Nov 252013

For those who were surprised by Milton Friedman’s advocacy of Quantitative Easing, here is another extract from his 1999 interview:

I think the Austrian business-cycle theory has done the world a great deal of harm. If you go back to the 1930s, which is the key point, here you had the Austrians sitting in London, Hayek and Lionel Robbins, and saying you just have to let the bottom drop out of the world. You’ve got to let it cure itself. You can’t do anything about it. You will only make it worse. You have Rothbard saying it was a great mistake not to let the whole banking system collapse. I think by encouraging that kind of do-nothing policy both in Britain and in the United States, they did harm.

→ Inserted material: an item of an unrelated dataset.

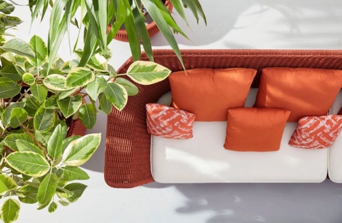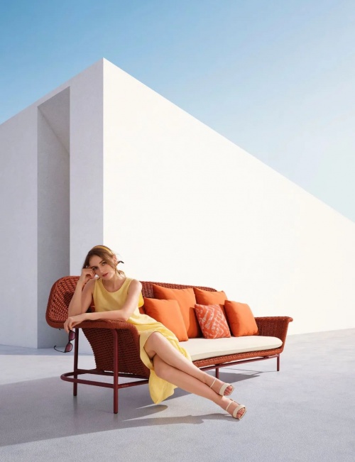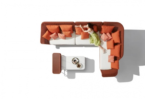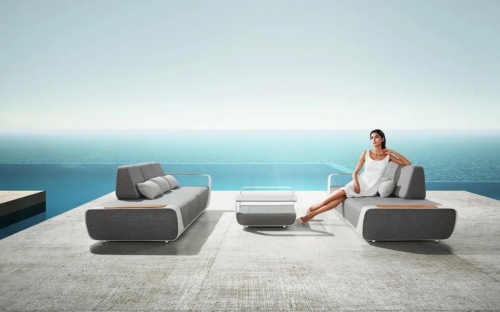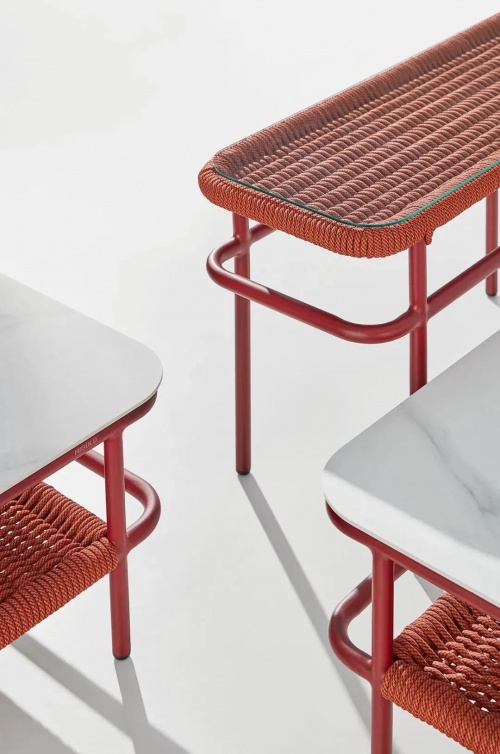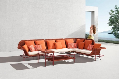 慷慨的比例,舒適和通風,基于一個堅實的和優雅的鋁框架基礎,一個彩色繩帶穿梭其中。技藝精湛的編織工匠把這份柔軟曲線呈現,一個邀請您體驗地中海式放松的扶手沙發應運而生。

In his 2012 GWU lectures, Ben Bernanke calls this the liquidationist theory,

which posited that the 1920s had been too good a time: the economy had expanded too fast; there had been too much growth; too much credit had been extended; stock process had gone too high. What you need when you have a period of excess is a period of deflation, a period when the excesses are squeezed out (Lecture 1, at 50:25, or p. 20).

By espousing the theory (named after Treasury Secretary Andrew Mellon’s recipe: “Liquidate labor, liquidate stocks, liquidate the farmers, liquidate real estate”), the Fed failed to combat the Great Depression: on the monetary policy front, by raising rather than lowering interest rates, with the aim of preserving the Gold Standard; and on the financial stability front, by letting widespread bank failures.

Clear, conclusive evidence, you would think. But no: come 2008, liquidationists were at it again. Being ‘Austrian’ became a fashionable pose and ‘Purge the system!’ a cool slogan. Here is one of the Austrian champions, Ron Paul, debating Paul Krugman. It is April 2012 – surely enough time to reconsider, you would think. Nope. Krugman tries to put some sense into it, to no avail:

Bayesian updating is a tug of war between confirmative and disconfirmative evidence. The higher the prior, the stronger the evidence required to disconfirm it. But when the prior is so high as to border on Faith, no evidence is strong enough. It is the same with Eugene Fama and the Efficient Market Theory. It is not a healthy attitude. As Keynes did not say: “When the facts change, I change my mind. What do you do sir?”